Comparison of Gridding Methods for Precipitation Over Canada and Assessment of Station and Data Density Effects on Gridding Results

Abstract

ABSTRACT This study compares the results from applying different gridding methods to different precipitation variables, including total and normal monthly precipitation amounts as well as anomalies and relative anomalies of monthly precipitation for representation of precipitation climate and regional mean precipitation trends. We applied three gridding models, including Optimal Interpolation (OI), currently used to produce the Canadian Gridded (CanGRD) data, Thin-Plate Smoothing Splines, and ordinary kriging.
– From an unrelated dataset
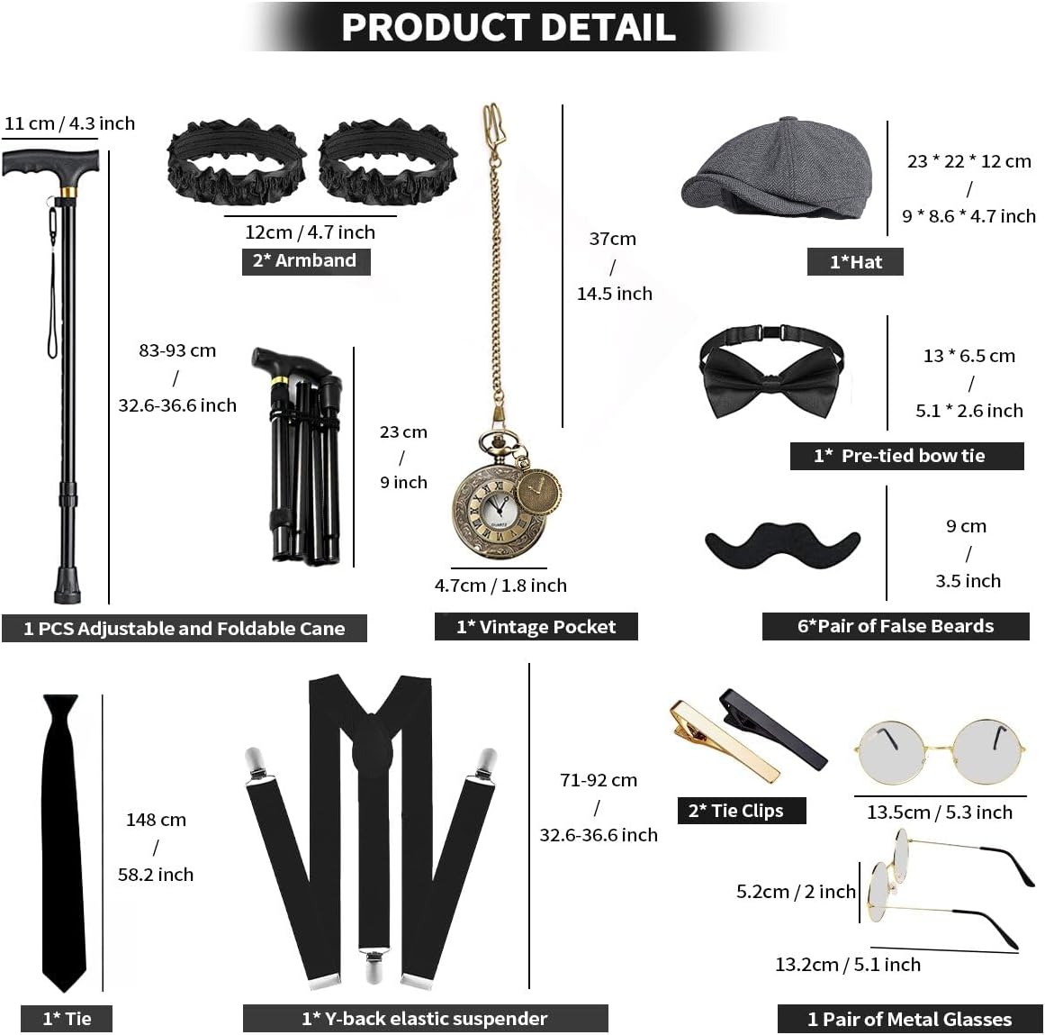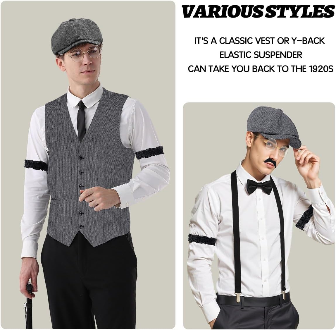 Costume da uomo anni '20 con accessori. Gli accessori anni '20 sono ideali per una vasta gamma di feste a tema con cui si possono affrontare. Che si tratti di giochi di ruolo, Halloween, Carnevale, attirerà l'attenzione su di sé. Costume vintage anni '20 che rende voi e il vostro partner un punto focale in una festa.

Two observation-based precipitation source datasets were used to derive gridded benchmark and pseudo-observational datasets, with the latter being sampled at full and subsets of a typical long-term precipitation station network in Canada to be then gridded and evaluated against the corresponding benchmark. The results show that the best regional mean precipitation trend estimates are obtained through gridded total precipitation data generated from combined grids of separately kriged relative precipitation anomalies and normal precipitation amounts. This scheme was then used to assess the impact of different station and data densities on the gridded data. The results also indicate that CanGRD-OI is the least accurate model in representing the precipitation climate and trends, and the CanGRD-based trend estimations notably overestimate the trend of regional mean precipitation amounts in the North while underestimating it in the South.